DEMAND FORECAST BASED MODELLING
AND CONTROL OF SUPPLY CHAIN

ABSTRACT

It is a demanding task to model and control a supply chain if the input information for modelling and control comes from demand forecasts and forecast uncertainty. It requires close co-operation with case companies to get the processes properly modelled and even closer to get them controlled. The aim of the paper is to study supply chain modelling and control based on demand forecasts. It concentrates on modelling and control of the supplier network in an e-logistics environment by using a system theoretical approach. In a modelling section, supply chain modelling is classified into continuous and discrete event models and the characteristics of the most important methods are discussed. The goal of the forecast section of the study is to produce as good point and density forecasts as possible, which are both later used for optimising the supply chain activities. We concentrate on short-term forecast, which can be used for daily and weekly supply chain management. The future aim of the research project is to utilise demand forecasts and their uncertainty for managing and controlling of production and stock levels of a Finnish food company.

Key Words: Modelling, Control, Supply Chain, Demand, Forecasting

1. INTRODUCTION

Studies dealing with supply chain modelling combined with forecasting usually cover the theory of demand forecasting and the demand uncertainty. These studies emphasize the importance of demand forecasts in supply chain management, but mostly do not implement the theory into real supply chain management of industrial companies. Implementation is the challenge: It is difficult to utilise complex mathematical models in business modelling, if the models are created without close co-operation with case companies. In this research project, we are to implement the models created and therefore the business environments of the case companies and their prerequisites for the modelling have been the starting points for the work. One of the most important restrictions for successful modelling is the data that can be gathered from the companies; it is usually quite limited. Fortunately, according to systems theory, complex problems do not necessarily need complex solutions.

The aim of the paper is to study supply chain modelling and control based on demand forecasts.

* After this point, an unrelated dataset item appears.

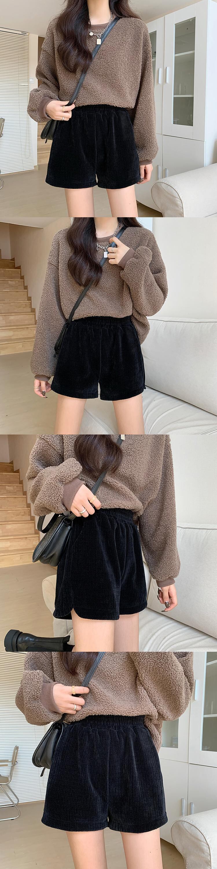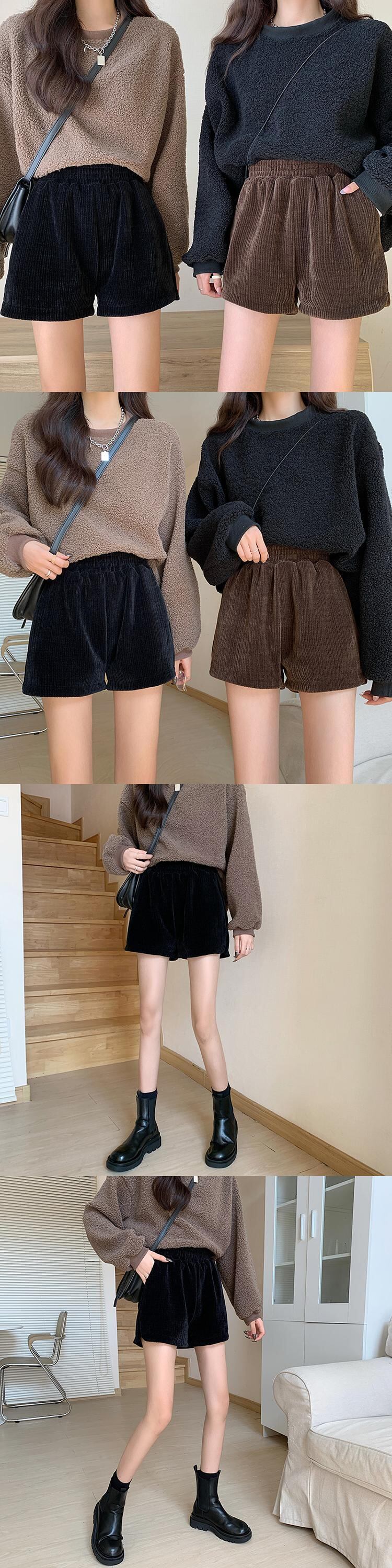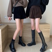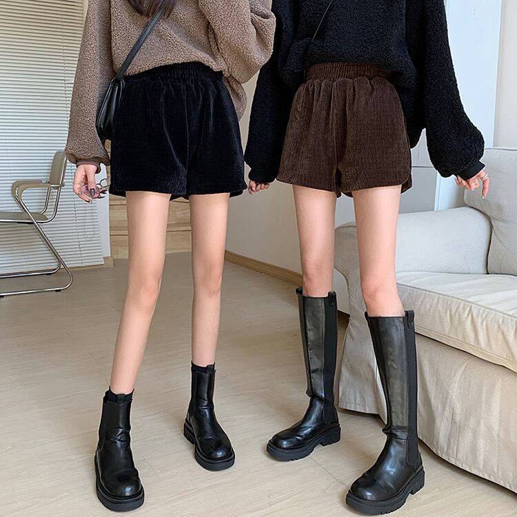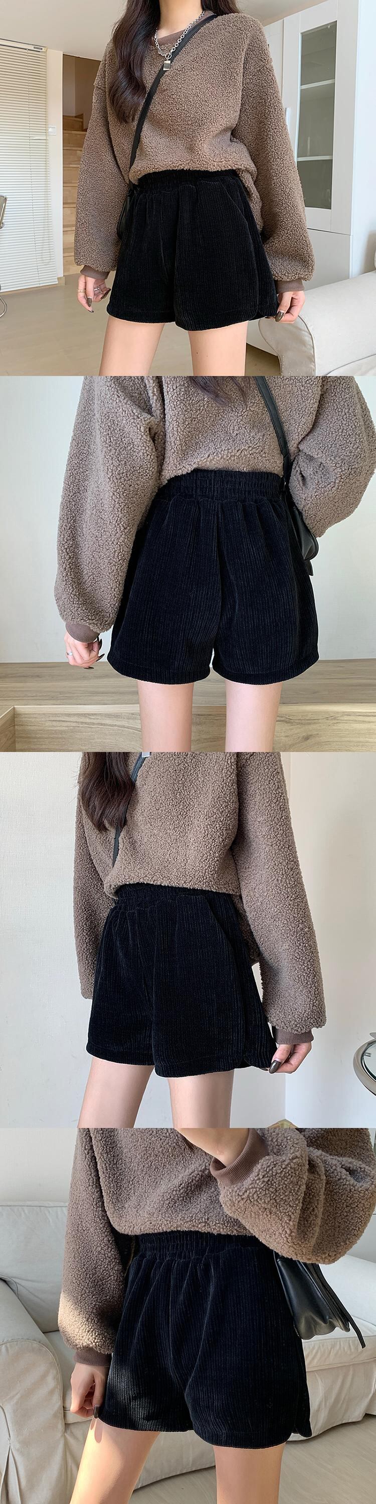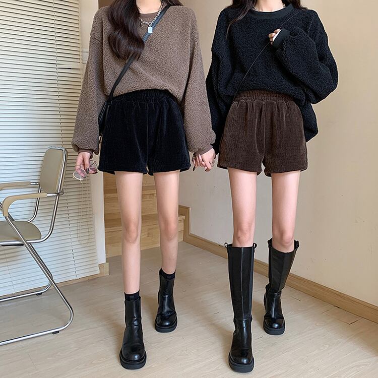 ブラックコーデュロイショーツ オータムパンツ ハイウェストウェスト 秋物 ブルマー 10/5 秋冬 オータム ウインター ナチュラル mi4697718425033

The paper concentrates on modelling and control of the supplier network in an e-logistics environment by using a system theoretical approach. In a modelling section, supply chain modelling is classified into continuous and discrete event models and the characteristics of the most important methods are discussed. The goal of the forecast section of the study is to produce as good point and density forecasts as possible, which are both later used for optimising the supply chain activities. We concentrate on short-term forecast, which can be used for daily and weekly supply chain management.

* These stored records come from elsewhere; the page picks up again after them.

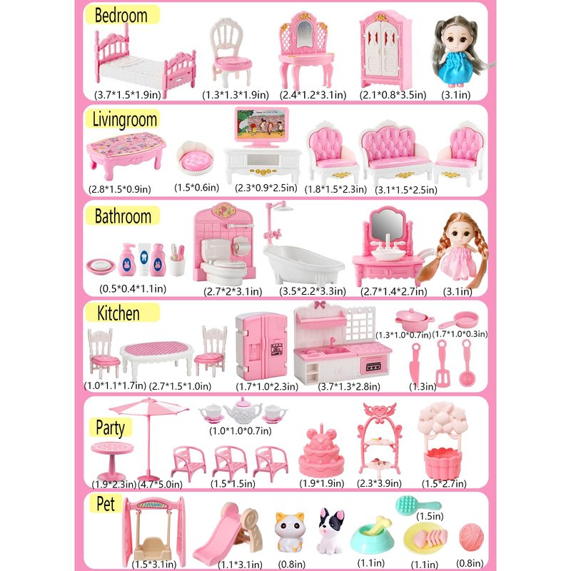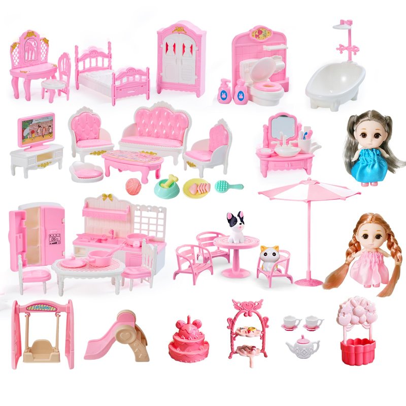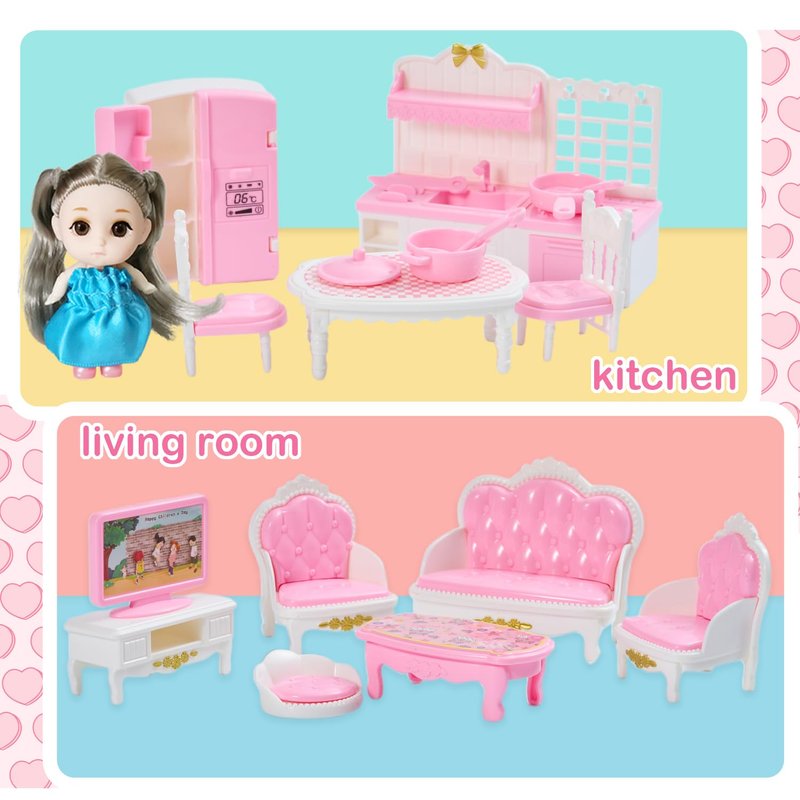 You will get the bedroom, bathroom, living room, kitchen, swing, pet, afternoon tea accessories, every mini toy house toy set containing rich accessories from the doll house suit. Children can use this toys house furniture to decorate their own micro toy houses and create their dreams.
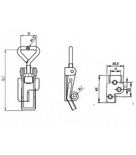 Excenterlås med ställbar låsbygel med M5 gänga och mutter. Elförzinkat eller rostfritt. L=67-77 mm. Lockbeslag/krok säljes separat.
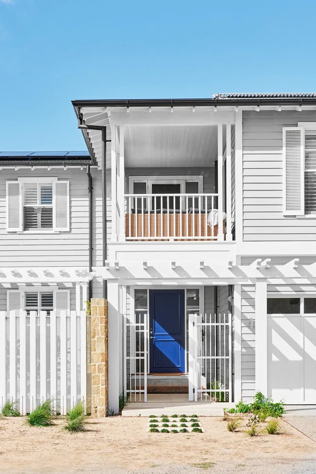 A bright blue front door introduces the Hamptons-meets-contemporary theme of this stunning new home in Barwon Heads on Victoria’s Bellarine Peninsula.
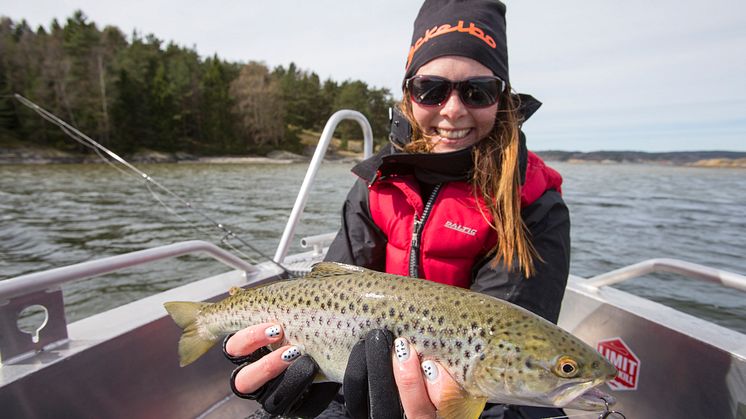 Frida Larsson är en glad fiskare. Foto: Jonas Nordigårds
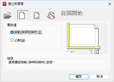 根據英制測量系統來啟動一個圖面。預設圖面邊界 (格線限制) 為 12 × 9 英吋。
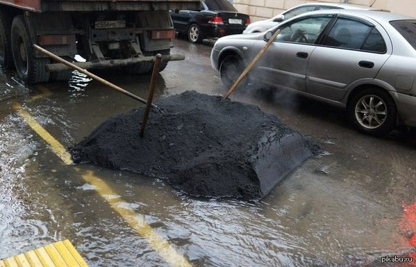 6) Ямочный ремонт если имеет место быть – допускается исключительно как временная и вынужденная мера. Выгрызание ямок и заделка их асфальтом должны быть сделаны за ОДИН день. При этом стенки и дно ямки в старом асфальте разогревают специальной горелкой, чтобы новый асфальт лучше прилип к старому. Через несколько недель участок дороги с заплатками полностью ремонтируют, сдирая асфальт до щебенки и укладывая новый. Стыки старого и нового участка прогревают специальной горелкой до пластичного состояния, чтобы не было заметно границы.
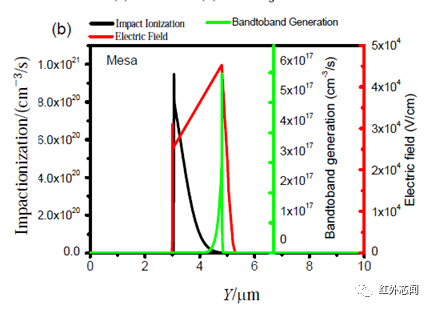 此外,进一步对反偏压在-7V下的平面及台面PIN APD的电场分布、BBT隧穿及碰撞电离特性进行了计算,计算结果如图7所示。值得注意的是平面结APD中倍增区的电场分布明显高于台面结。从图中可以看出,碲镉汞APD的BBT及碰撞电离特性与其电场分布特性密切相关,平面结APD中的BBT及碰撞电离较之于台面结要高4个数量级。

The structure of the paper is following: We start by going through the work done by others. Then, we describe the project background and research methods. After that, we continue by studying shortly the theory of demand forecasting. Next, we discuss modelling and control of supply chain as well as the most important modelling methods. As a result, we combine demand forecasting with supply chain modelling and control and introduce the first results gained in the research project. Finally, we conclude and have a look at the future work of the research group.

1.1. Related Work

Supply chain is usually modelled using event based modelling, e.g. Chang and Makatsoris (2001) study the requirements for supply chain discrete event simulation modelling. Though, there are studies using different approaches. Petrovic et al. (1999) study supply chain modelling using fuzzy sets whereas Chen and Tzeng (2000) have a fuzzy multi-objective approach to the supply chain model. Carlsson and Fullér (2000) present a fuzzy approach to the bullwhip effect. They consider a series of companies in a supply chain, each of which orders from its immediate upstream member. They show that if the members of the supply chain share information and agree on better fuzzy estimates (as time advances) on future sales for the upcoming period then the bullwhip effect can be significantly reduced.

Li and O'Brien (1999) use dynamic and objective programming for modelling supply chain efficiency whereas Minner (2001) aims at modelling complexity in a supply chain.

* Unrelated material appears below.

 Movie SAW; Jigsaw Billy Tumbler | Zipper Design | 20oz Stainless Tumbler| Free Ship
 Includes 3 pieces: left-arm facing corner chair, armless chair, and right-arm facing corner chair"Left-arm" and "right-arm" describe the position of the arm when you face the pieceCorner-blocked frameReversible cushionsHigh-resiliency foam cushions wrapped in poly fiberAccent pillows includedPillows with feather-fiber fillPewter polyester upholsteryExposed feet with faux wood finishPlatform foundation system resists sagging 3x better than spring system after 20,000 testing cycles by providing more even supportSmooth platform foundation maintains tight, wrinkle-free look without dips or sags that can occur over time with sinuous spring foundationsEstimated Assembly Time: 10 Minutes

Angerhofer and Angelides (2000) give an overview of recent research work on system dynamics modelling in supply chain management. They focus on inventory decision and policy development, time compression, demand amplification, supply chain design and integration and international supply chain management.

Schönsleben (1998) studies the theory of demand forecasts and forecast methods in supply chain management. To implement the theory of demand forecasts, Kaminsky and Swaminathan (2002) study forecast band evolution and capacitated production in the multi-period demand case. They develop heuristics that use demand forecast evolution knowledge to make production decisions in capacitated production planning. They also explore the efficiency of heuristics and the impact of seasonality on demand and availability of information updates.

1.2. Project Background and Research Methods

Modelling and Control of Supply Chain with Systems Theory (2002-2004) is a research project funded by National Technology Agency of Finland and four case-companies. The case companies are from the fields of food industry, pulp and paper industry, IT-trading, information systems engineering and logistics, each having also individual goals. Generally, they are to develop their e-logistics and to improve their current business processes in a strategic level. The aim of the co-operation is to find new ways of operating in an e-logistic environment. Since the research group consists of researchers from project management and logistics, automation and control engineering, and finance and accounting, the project has an interdisciplinary approach and aims at combining the knowhow of aforementioned groups.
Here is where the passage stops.